Keeping yourself informed is easy. News nowadays are mostly dyed information but the wwweb's capacity, provided it is left uncensored and you are willing to dig deeper, helps to round up one's picture, one's views.

When it comes to our current problems there must be a certain level of agreement amongst global intelligence - referring to brains' capacities - which explains why very rarely the global scale of our crunch(es) makes the headlines.

Greece is discussed at length, the longer the more abstruse and offensive but with no solutions while sovereign debts of all global and definitely all wanna-be global players are way past comprehension; once the weakest link gives the rest will be waste paper.

UK's economic figures from growth to export, unemployment to imports are discussed same as bail out and stimulus packages as if we would live on an island in economic isolation (sorry, no jokes, please). At the same time Prudential purchases AIG's AIA (AIG's Asian business) and one of the first question is whether Pru's headquarter might be relocated to Asia.


Britain's Gilts lose Triple A lustre for investors hits the headline today accompanied by comments trying to comfort the readers with Britain's' level of debt and its servicing costs allegedly being more favorable than that of other triple A rated economies; tripe "A"? Who? We? Really? How much longer? What for? Why? What a relief!

Pound suffers sharpest fall in more than a year as prospect of hung parliament looms: is it really the British polls that make the currency tumble? Is it not rather the trust in a country and its economic strength? The trust that the global competitors are lacking? Or the rest of the trust the global gamblers are betting against? What is left of the City's corona and the nation's export strength - what of its political and economical influence?

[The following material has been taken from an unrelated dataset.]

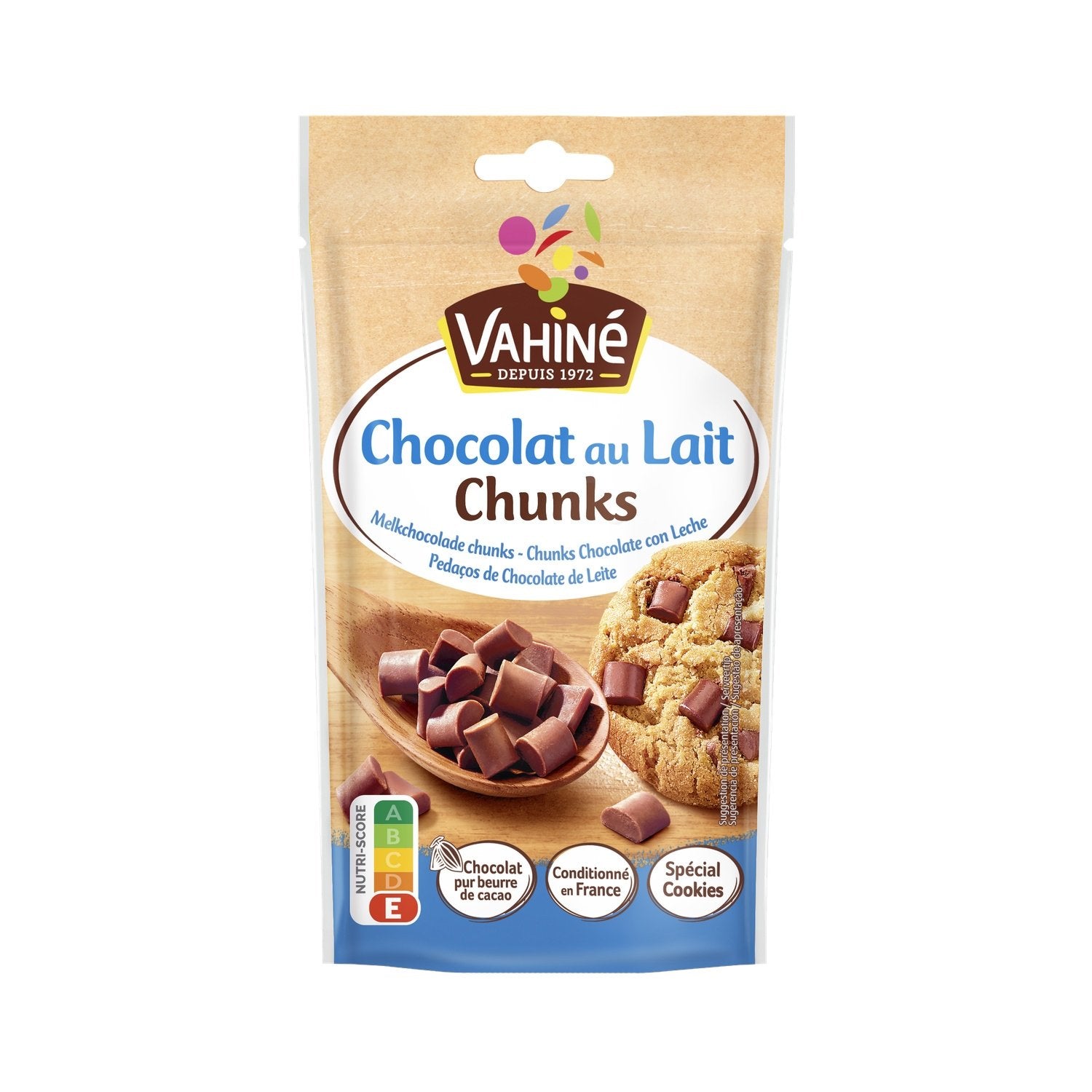 Milk chocolate chunks made with Pure Cocoa Butter chocolate, special cookies, packaged in France.

The majority of all political systems and governments find themselves in economical gridlock; they all ran out of means, i.e. money, that simple. We lost the bailout battle as it was too little, too short but too many and above all too much. The spiral leads downwards! In fact the battles were programmed to be lost when we agreed to take part in a global game with faulty, unbalanced rules for some but the invitation for economic bonanzas for others. Hindsight is easy but foresight was blurred by $, € and £ cloud-cuckoo-land-dreams.

From global perspective - and that is what is the only one counting - the current delay in coming up with answers is an expression of the global incapability to solve any of the crunches and not the simple and rather naive attempt of single national governments to buy time for anything to turn to the better.

Global incapability not knowing where to move from here as any move more than likely will start the final meltdown.

Carpe diem!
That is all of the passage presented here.